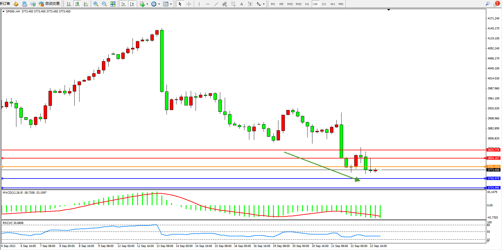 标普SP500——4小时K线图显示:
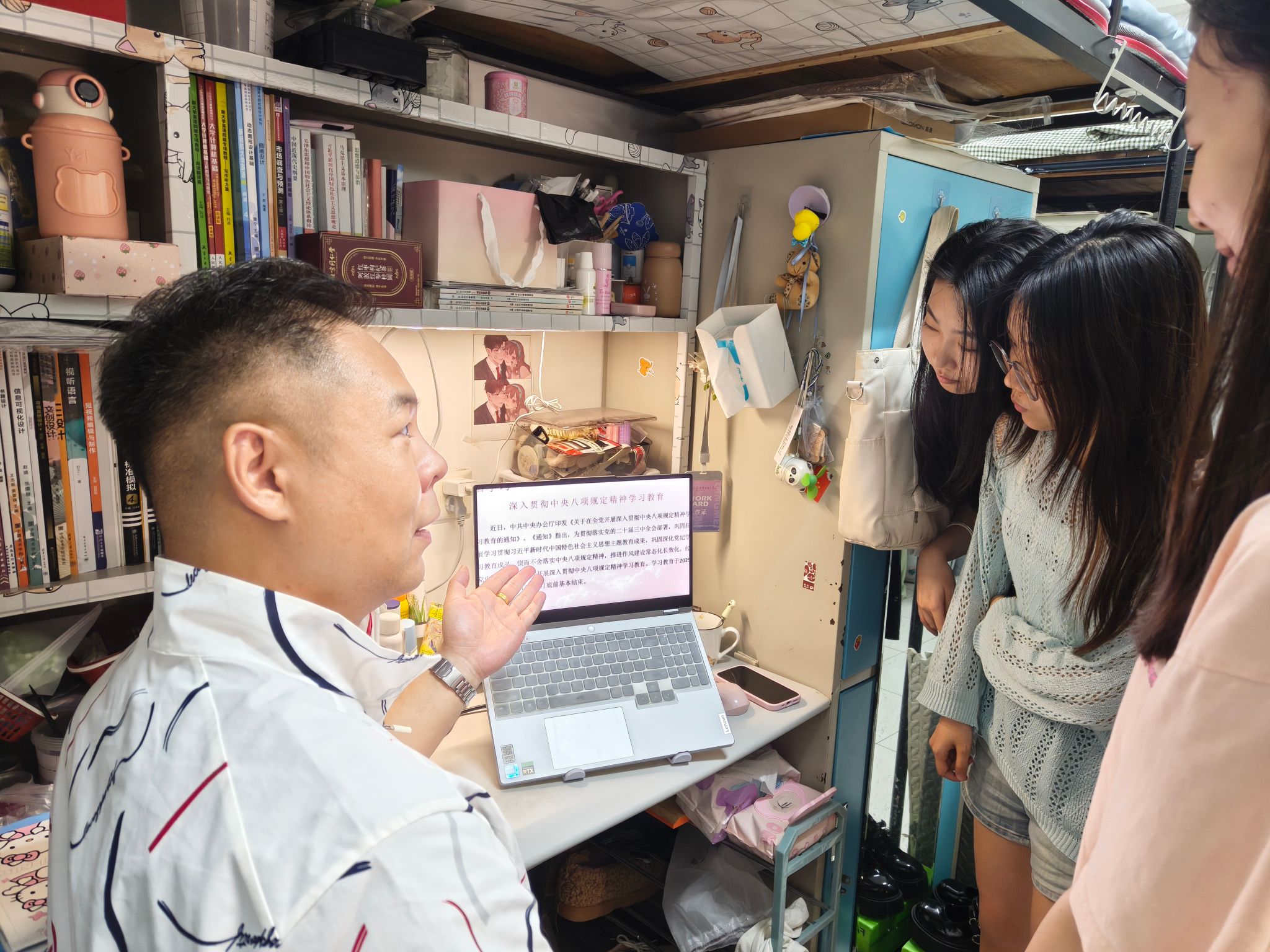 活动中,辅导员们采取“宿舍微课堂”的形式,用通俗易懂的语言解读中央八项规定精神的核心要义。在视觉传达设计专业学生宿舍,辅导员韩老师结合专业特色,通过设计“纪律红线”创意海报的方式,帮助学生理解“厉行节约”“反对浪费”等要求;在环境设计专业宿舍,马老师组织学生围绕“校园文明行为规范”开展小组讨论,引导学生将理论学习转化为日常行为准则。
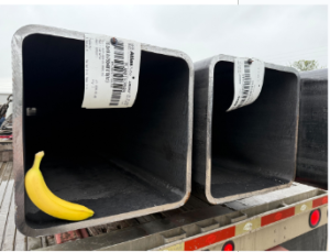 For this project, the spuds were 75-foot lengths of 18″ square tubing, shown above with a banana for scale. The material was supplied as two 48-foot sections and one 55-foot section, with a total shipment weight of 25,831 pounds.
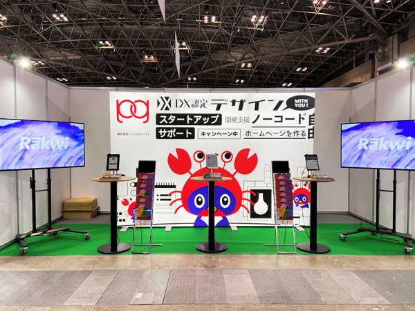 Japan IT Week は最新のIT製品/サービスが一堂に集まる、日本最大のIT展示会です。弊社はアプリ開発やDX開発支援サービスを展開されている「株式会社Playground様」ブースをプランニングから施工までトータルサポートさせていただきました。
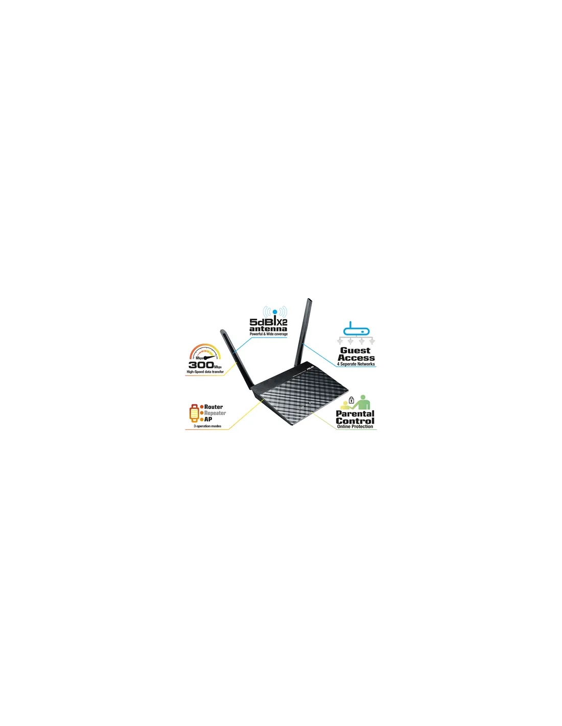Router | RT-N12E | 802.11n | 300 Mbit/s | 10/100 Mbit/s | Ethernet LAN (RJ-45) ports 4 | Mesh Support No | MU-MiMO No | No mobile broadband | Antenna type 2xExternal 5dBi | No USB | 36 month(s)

....

_About this task_.
Only the lines from the one containing "Japan IT Week" through the last line of the data may appear in the answer, each given again exactly and with pictures left out.

_Reply_.
 Japan IT Week は最新のIT製品/サービスが一堂に集まる、日本最大のIT展示会です。弊社はアプリ開発やDX開発支援サービスを展開されている「株式会社Playground様」ブースをプランニングから施工までトータルサポートさせていただきました。
Router | RT-N12E | 802.11n | 300 Mbit/s | 10/100 Mbit/s | Ethernet LAN (RJ-45) ports 4 | Mesh Support No | MU-MiMO No | No mobile broadband | Antenna type 2xExternal 5dBi | No USB | 36 month(s)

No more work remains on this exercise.